My pitch was earnest and honest: As the crisis began to bleed rural Americans’ profit and hope, government would be forced to take a more active role in everyday decision-making with programs like new farm loan guarantees, rural bank bailouts, more farm program payments, and increased assistance for about-to-be-hammered rural communities.
My boss, a reliably cautious man, pondered the request for a week, then said no. His reasoning was straightforward and unforgettable: Congress, he explained, wasn't interested in expanding government's role in U.S. agriculture and neither were U.S. farmers.
So, he concluded, I wouldn't be needed to cover that "big" story because it was going to be a big non-story.
Not his best decision.
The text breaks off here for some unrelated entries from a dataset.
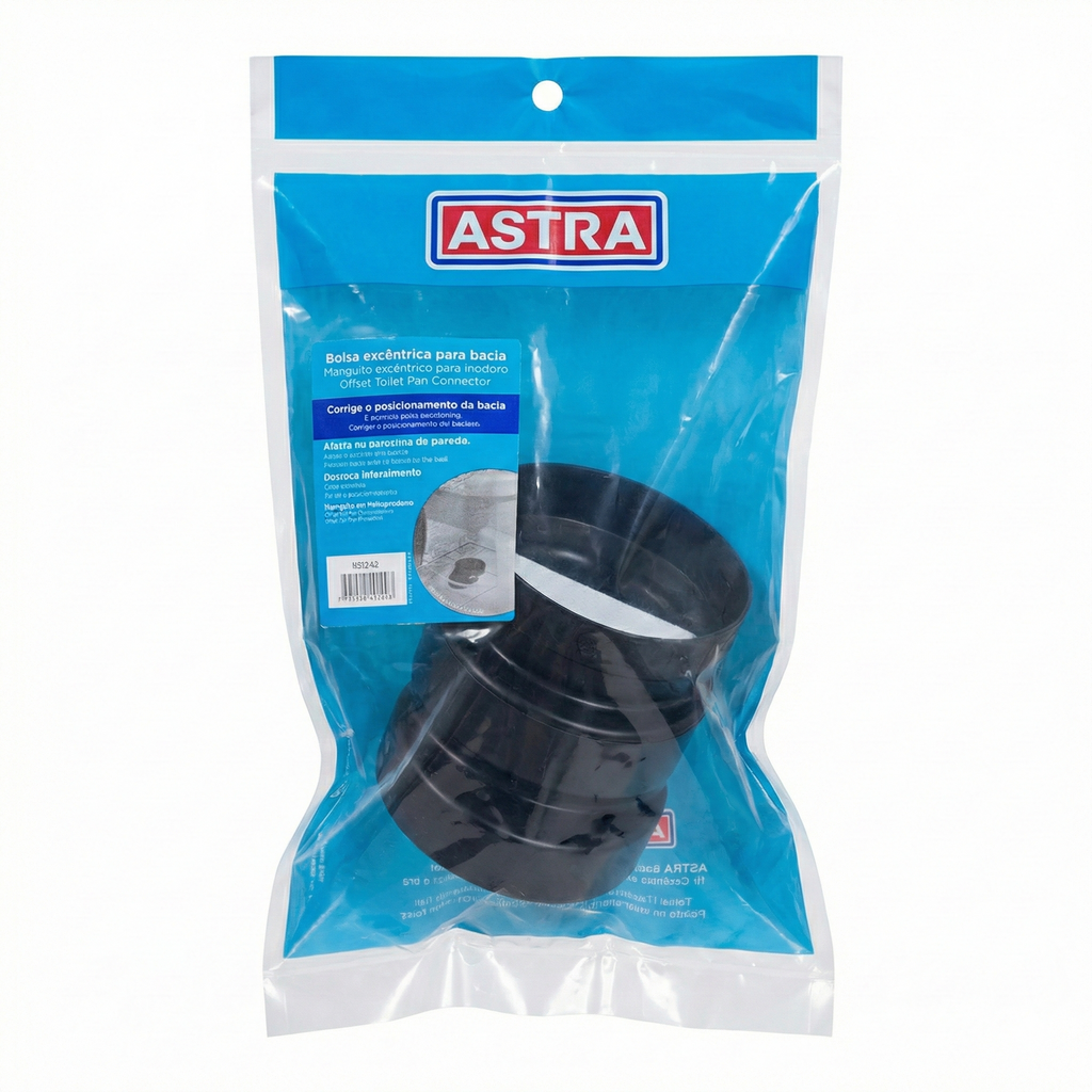 Diferente das bolsas de vedação comuns (que são totalmente retas e centralizadas), o modelo excêntrico da Astra possui uma angulação interna. Essa engenharia simples permite que o instalador corrija falhas milimétricas deixadas na hora de concretar o tubo de esgoto no contra-piso, evitando que o vaso sanitário fique torto em relação à parede.
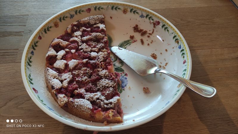 Na sliki spodaj je današnja pita. Kot lahko vidite sem od sadja izbrala jagode.
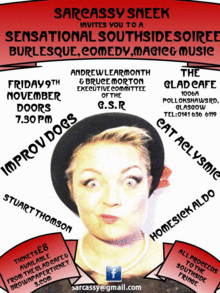 A packed to the gunnels cabaret evening of comedy, magic, music, burlesque and the downtright bizarre. Taking place in the Southside of Glasgow's new number one hot spot of a venue, The Glad Cafe. Sarcassy will be presenting a fantastic line-up showcasing some of the excellent talent the Southside has to offer and special guests Cat Aclysmic and Homesick Aldo. All are getting together to promote, raise funds and give a taster of the inaugral Southside Fringe which aims to put the Southside firmly on the Glasgow arts map with a fortnight of arts and entertainment spanning the Southside in May 2013.
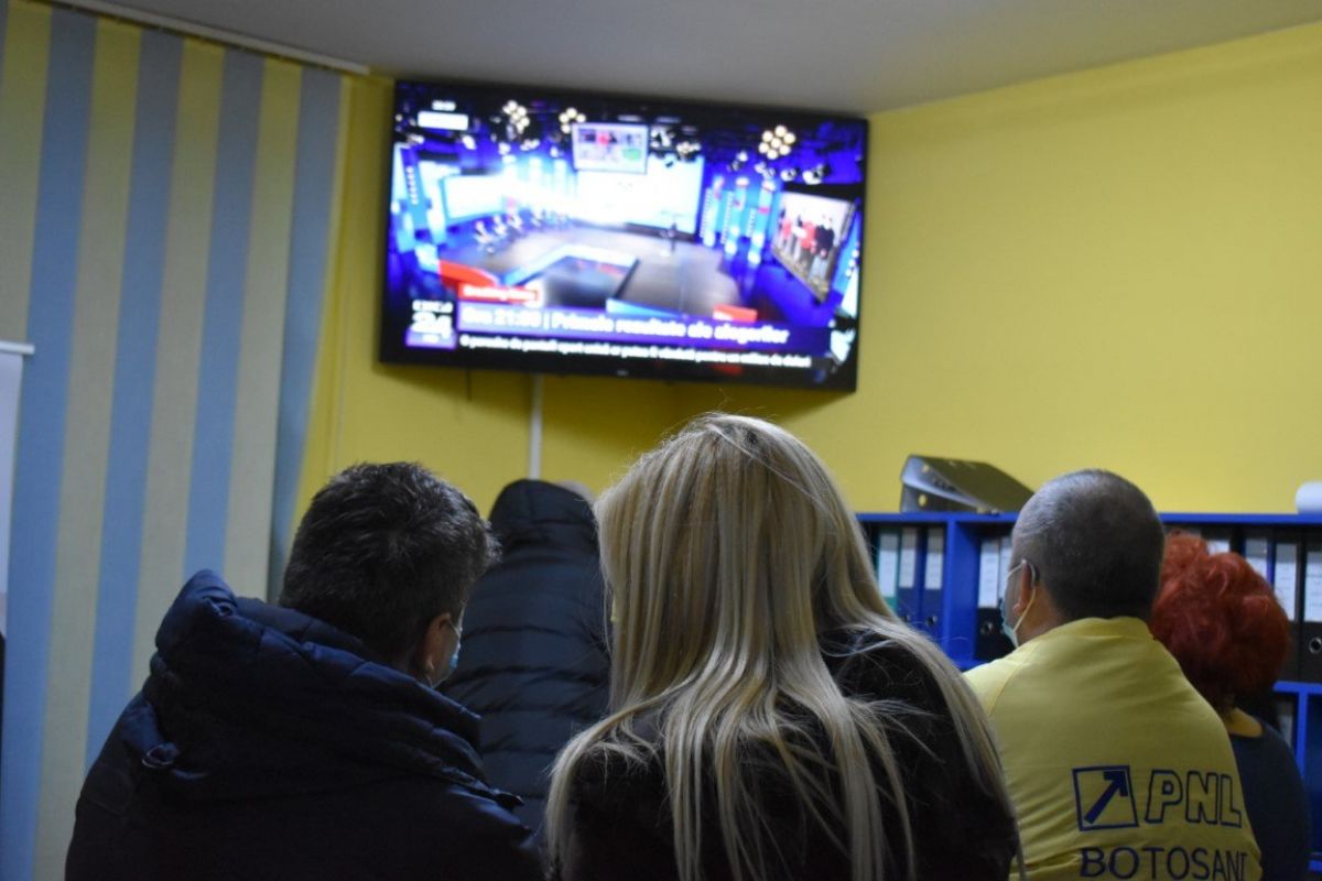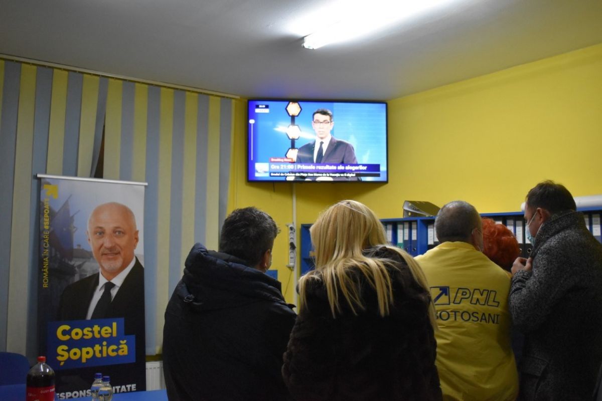 La ora 21:00, când s-au făcut publice rezultatele sondajelor, la sediu se aflau zeci de oameni, candidați, directori, liberali mai noi și mai vechi.
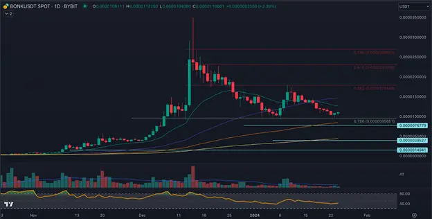 The cryptocurrency has been trading inside a range between support at $0.0001 and resistance at $0.000178 since late December 2023.
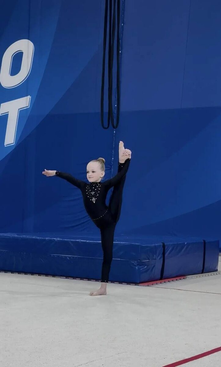 Ученица 1 «Б» класса Агата в минувшее воскресенье приняла участие во всероссийских спортивных соревнованиях по воздушной гимнастике
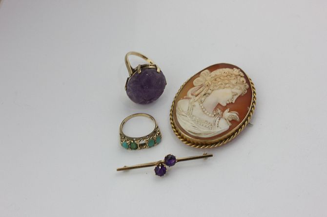 A carved amethyst dress ring in 9ct gold, a turquoise ring (a/f), a shell cameo brooch, and an amethyst two-stone bar brooch

A quick, back of the envelope calculation shows that direct farm program payments made to U.S. farmers since that 1981 non-story have totaled, in nominal (not inflation-indexed) dollars, somewhere between $585 and $600 billion.
Indirect support payments — like federal subsidies to crop insurance companies, "export enhancement" programs, decades-long import tariffs on commodities like ethanol and sugar, and any other of the now 150 U.S. Department of Agriculture-administered "farm" programs — have added hundreds of billions more.
This generation-by-generation growth is almost perfectly displayed this year. According to USDA's own forecast, direct federal farm support will hit $42.4 billion in 2025, a 354 percent increase over 2024's $9.3 billion. Only 2020's $45.6 billion, the last time U.S. agriculture faced Trump Administration-imposed trade tariffs, was larger.
Perhaps most surprising, 2025's total net farm income, forecast at $180 billion, will be just $2 billion under 2022's record net farm income of $182 billion. Interestingly, government farm payments that year were $27 billion less than this year's near-record amount.
Farmers and ranchers aren't the only ones watching this heavily-lobbied Congress send a river of taxpayer money to farmers.
Big agbiz firms have an abiding interest in seeing steady-to-rising U.S. farm income and steady-to-rising government payments. For example, Deere & Co.'s share prices soared from $418 on Jan. 2 to $514 on June 23, a remarkable 21 percent leap while the overall general stock market and most ag commodity markets have hovered on either side of flat over the same six-month period.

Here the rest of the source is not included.